何の事ですか? と首を傾げる彼にこれ以上言っても無意味だと悟って、ラウロはおとなしく黙っている事にした。










官僚宿舎からはすぐに城内に入る事ができる。
そこに立っていた門番に、ササライは無言で会釈をした。
「では、これから案内します。ただ、部屋に入るまで口を開かないように」
いいですね、と念を押されてこくりとリーヤとラウロは頷いた。

話には聞いていたが、ハルモニアの貴族はすべて金髪であるというのは真実らしい。
通り過ぎる人は皆金の髪で、ササライやリーヤの薄茶はかなり浮いている。
ラウロの特徴ある銀髪も、二人ほどではないが浮いていた。

ササライが歩くと、自然と人が道を開ける。
相当の地位にあるのだなと思いながら、ラウロは半ば無意識で彼の年齢を概算して納得した。
ルックが二百歳と言うからは、普通に考えてもその兄のササライは同じ程度かもっと上。
何年勤めているかは歴史を思い出すしかないが、たしかグラスランドの炎の英雄継承戦争の時はすでに神官将であったわけで……。

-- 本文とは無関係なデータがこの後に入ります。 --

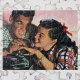 Vintage Illustrations-Liebe und Romantik-Bild mit jungen, glücklichen Teenagern, die ihre anhaltende Liebe versprechen, mit einem viel versprechenden Klang beim Musikhören ihres Plattenspielers. Niedliche und romantische Verlobung. Der Junge steckt sich einen Ring mit Diamanten-Verlobung auf den Finger.

きょろきょろしたいのを必死にこらえながら、二人はササライの後についていく。
身長はどちらよりも低いけれど、彼の歩く速度はかなり速い。
「ササライ様、そちらは?」
「今度預かる事となった知人の子です。学園内で見かけたら声をかけてやってくださいね」
「はい、かしこまりました」
廊下で声をかけられてそつなく応対し、ササライはさらに進んでいく。
そんな様子を数回見て、ラウロはいやーな予感を抱く予感がする。
予兆の予兆というか、リーヤと付き合いだす前からその感覚は人より優れていた。
……たぶん姉のせいだけど。

だいぶ歩いているのに目的地にはまだ着かない。
思ったよりここが広いのか、それとも……。

嫌な予感が嫌な確信に変わりだしたのは、何個目の階段か分からないものを上りだしてからだ。
古今東西南北、偉い人ほど上に部屋が割り当てられるものと相場が決まっている。
……てことは、階段を上る度、今から彼らが会いに行く人物はお偉いさんという事に……。

「失礼します」
突き当りの部屋にササライがノックして扉を開く。
そこに座っていた人物が、顔を上げてやあと言った。
「久しぶりだねリーヤ」
「おう、久しぶり!」
「それと……ラウロ、だったかな」
「…………」

部屋の主を指差して、ラウロは口をぱくぱくと開きまた閉じた。
そこに座っているのは、年齢はぱっと見不詳。
だけどその整った顔に、その声はそこはかとなく。
というか明らかに。

彼と彼に似ていやしないか。


「私はヒクサク、リーヤがお世話になっているそうだね」
「……ひ」


そう。
この人は。
神官長。
ヒクサク。

ハルモニアを六百年以上前に建国し、真の紋章の一つである円の紋章を保持し、常にこの大陸の歴史の影となり表となり真の紋章とそれに絡む争いに関ってきた中心人物。
でもってその生死かなり昔から不明で、実は死んでいるのではとも囁かれている。
いや、いた。

「えええええええええええええええええええええええええっ!?」
「ルックのおとーさん? だから俺のじーさん? かな」
「お茶でも持ってこさせよう。茶請けには……そういえば先日レックナートが持ってきた茶菓子があったはずだな」
そう言いながら立ち上がったヒクサクから、ラウロはササライへとしてリーヤへと視線を移すと、友人の両肩に手を置いた。
「……リーヤ、お前はすごい……」
「なにがー?」

「……そして歴史学者だけは向いてない……」



ていうかなるなそれだけは。
そう呟いた親友を不思議そうな顔で見上げて、ならねーよ? とリーヤは首を傾げた。

 

 


***
そんな事実。

ヒクサクはリーヤのじーさんにあたります。(レックナートはばーさ(げふ)
ヒクサクもササライもリーヤはかわいがっています。
でもたぶんヒクサクはリーヤの周りにいる特に某ソウル持ちはかかわりたくないと
……。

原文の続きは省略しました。